When your lucks in...

England were eventually all out for 513, a lead of 415 runs. Peter Siddle had taken six England wickets and two catches on his home ground, but the innings belonged to Trott who was at the crease right until the end and finished with a score of 168 not out.

Three of Trott’s five Test 100s have come against Australia.

This series has now seen another rare occurrence thanks to England’s 513 total. We haven’t scored 500+ three times in an Ashes series since 1928/29 when we won the series down under 4-1.

There was further bad news for Australia when it was reviled that Ryan Harris had fractured his ankle during his run up earlier in the England innings. He would take no further part in the Test, meaning England needed just nine wickets to retain the Ashes.

Harris lying injured on the ground. Get well soon.

Australia’s top order again failed as they began their second innings and Hussey was out for a duck. The score was now 104-4. They eventually limped to 169-6 at the end of day three, still 246 runs behind with just three wickets in hand. Haddin and Siddle put on 86 runs for the eighth wicket, but they were clearly just delaying the inevitable. Siddle was caught by Pietersen off Graeme Swann after playing one big shot too many and there was just Ben Hilfenhaus standing in the way. He only lasted four balls before he edged a ball from Tim Bresnan to Matt Prior to complete a pair and to confirm an England victory by an Innings & 157 runs – England’s biggest win over Australia since Jim Laker’s 19-90 match in 1956. This is also the first time that Australia have lost two Test matches in a home series by an innings.

ASHES! IT’S THE ASHES! 😀 The England players celebrate the final wicket of Hilfenhaus.

 

YEESSS! If only the Aussies could have got the flag right. It looks like the Danish flag in reverse.

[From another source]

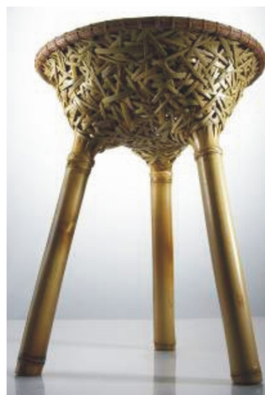
圖 6 Bamboo1

由周育潤設計、陳高明與蘇素任編織的花費兩個星期以上編織完成的竹椅-「BAMBOOL」（圖 6），在展出的一萬多件展品當中，獲得法國當地媒體《avantages》選為「最令人心動的作品」，甚至還有媒體評論該作品「美得令人心碎」，許多國際買家搶著下訂單，搶到缺貨，讓台灣設計揚名國際，成為另類的台灣之光（曾國華，2008）。

The win was celebrated by the England squad performing Graeme Swann’s ‘Sprinkler Dance’ in front of the Barmy Army. Hopefully we’ll be seeing scenes like this after the fifth and final Test at Sydney.

Move over Usain Bolt, sport has a new pose!

 

Ashes 2010/11 4th Test – Melbourne Cricket Ground, Melbourne

England won the toss and elected to field

Australia

vs.

England

98 (42.5 overs @ 2.29 rpo)

1st Innings

513 (159.1 overs @ 3.22 rpo)

M.J. Clarke 20 (54)

I.J.L. Trott 168* (345)

C.T. Tremlett 4-26

P.M. Siddle 6-75

258 (85.4 overs @ 3.01 rpo)

2nd Innings

B.J. Haddin 55* (93)

T.T. Bresnan 4-50

 

Umpires – Aleem Dar (Pak) and Tony Hill (NZ)

England won by an Innings & 157 Runs – England lead series 2-1 with one Test remaining and have RETAINED THE ASHES! 😀

Man of the Match = I.J.L. Trott

PS: Believe it or not (but it is true) this is my 200th blog!